Finally! A Hadoop Hello World that isn’t a Lame Word Count!

So I got bored of the old WordCount Hello World, and being a fairly mathy person, I decided to make my own Hello World in which I coaxed Hadoop into transposing a matrix!

What? What’s that you say? You think that a matrix transpose MapReduce is way more lame than a word count? Well I didn’t say that we were going to be saving the world with this MapReduce job, just flexing our mental muscles a little more. Typically, when you run the WordCount example, you don’t even look at the java code. You just pat yourself on the back when the word “the” invariably revealed to be the most popular word in the English language.

The goal of this exercise is to present a new challenge and a simple challenge so that we can practice thinking about solving BIG problems under the sometimes unintuitive constraints of MapReduce. Ultimately I intend to follow this post up with exceedingly more difficult MapReduce problems to challenge you and encourage you to tackle your own problems.

So, without further adieu:

The Matrix Transpose Problem

The matrix transpose is a pretty simple concept. Let’s say that you have some matrix M. Here are the rows of M (preceded by the row number):

0    7 9 3 6
1    4 2 9 8
2    4 6 6 1

You transpose this matrix by “flipping” the values about the diagonal. Here is transpose(M):

0    7 4 4
1    9 2 6
2    3 9 6
3    6 8 1

For tiny matrices like this, transpose is trivial, but for giant, super-jumbo Big Data matrices this can be challenging to do in the constraints of one machine’s RAM. Thus, the matrix transpose is a good candidate for MapReduce.

Outline of a Simple MapReduce Job

As you may know by now, MapReduce is a two phase process composed of a mapping phase and a reducing phase. Simplistically, in the mapping phase, the mapper is given the contents of a Hadoop directory one bit at at time as a key-value pair. In this example, let the key be the rowIndex and the value be the values associated with that row.

{0: [7 9 3 6]}
{1: [4 2 9 8]}
{2: [4 6 6 1]}

It is the goal of the mapper to consume this information, process it, and then emit a number of other key-value pairs K and V. The keys and values can be of any type that you like, and for every iteration of the map function you can emit as many {K: V} pairs as you wish.

Between the mapping phase and the reducing phase, all of these values V are grouped according according to their associated keys K. Then, one at a time, the reducer is given a key K, along with all of the corresponding values V[]. The goal of the reducer is then to consume this information, process it, and emit more key-value pairs.

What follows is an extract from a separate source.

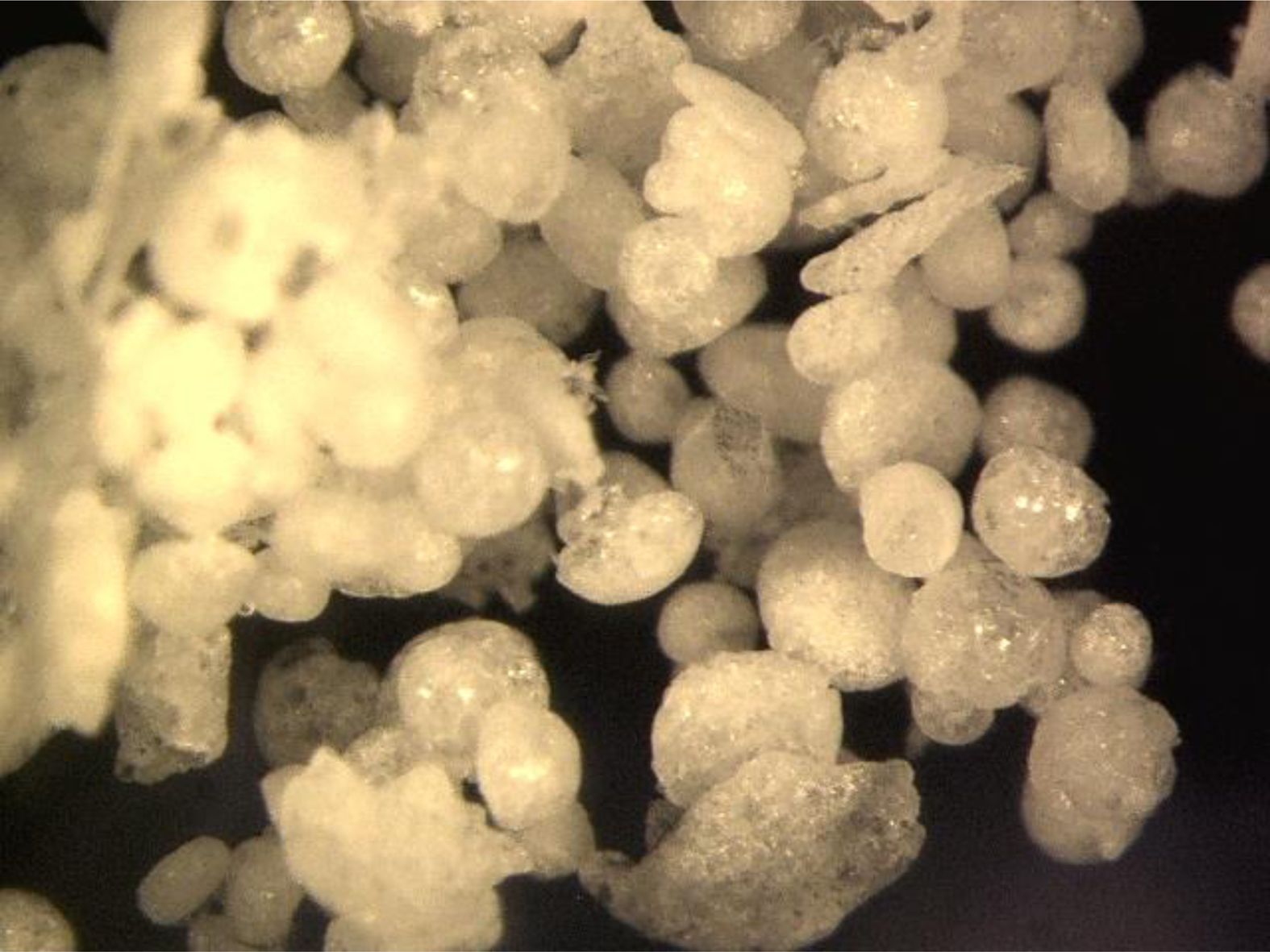 Optical microscopic image of dried PCL microparticle sample (Bulk polymerization, initiator: DBAE, [CL]/[I]=100).

In the case of our example, this new set of key-value pairs will represent the transpose of the original matrix. The keys will be transposeRowIndexs and the associated values will be the associated elements in that row which we refer to as transposeValuess. So, for the example of this post, the reducer will return:

{0: [7 4 4]}
{1: [9 2 6]}
{2: [3 9 6]}
{3: [6 8 1]}

The goal of the game, then, is simply to write two functions, map and reduce, which achieve all of the above:

map(rowIndex,values) :
  #DO STUFF
  return {K:V}

reduce(K,V[]) :
  #DO STUFF
  return {transposeRowIndex: transposeValues}

So, how do you implement this? Think about it! No peeking.

My Solution

Here is my solution

map(rowIndex,values) :
  for(columnIndex = 1 to length(values)) :
    K = columnIndex
    V = {rowIndex: values[columnIndex]}
  return {K:V}

reduce(K,V[]) :
  transposeValues = []
  for(x in V[]) :
    transposeValues[x.key] = x.value
  transposeRowIndex = K
  return {transposeRowIndex: transposeValues}

And if we run our MapReduce algorithm, during the mapping phase we get

map(0,[7 9 3 6]) #=> {0:{0,7}},  {1:{0,9}},  {2:{0,3}},  {3:{0,6}}
map(1,[4 2 9 8]) #=> {0:{1,4}},  {1:{1,2}},  {2:{1,9}},  {3:{1,8}}
map(2,[4 6 6 1]) #=> {0:{2,4}},  {1:{2,6}},  {2:{2,6}},  {3:{2,1}}

In the “shuffle and sort” time before the reduce phase we cluster the values together according to key

{0:   [{0,7},  {1,4},  {2,4}]}
{1:   [{0,9},  {1,2},  {2,6}]}
{2:   [{0,3},  {1,9},  {2,6}]}
{3:   [{0,6},  {1,8},  {2,1}]}

And finally, during the reducing phase we get

reduce({0: [{0,7},{1,4},{2,4}]})  #=>  {0: [7 4 4]}
reduce({1: [{0,9},{1,2},{2,6}]})  #=>  {1: [9 2 6]}
reduce({2: [{0,3},{1,9},{2,6}]})  #=>  {2: [3 9 6]}
reduce({3: [{0,6},{1,8},{2,1}]})  #=>  {3: [6 8 1]}

And now since we’ve tested out the algorithm, it’s time to transpose something a bit larger…

In Practice

I’m putting together a collection of Hadoop tutorials and I’m calling it Hadoopadoop. Check it out! Once you download it, you can quickly run my MatrixTranspose example by issuing the command ./build.sh MatrixTranspose. But please don’t let this just be like running the typical WordCount example. Instead, take a look at the build script and see what it’s doing to build the project. I’m intentionally keeping everything as lightweight as possible. No extra libraries, no Maven, just some java files, some data zips, and a little bit of bash wrangling.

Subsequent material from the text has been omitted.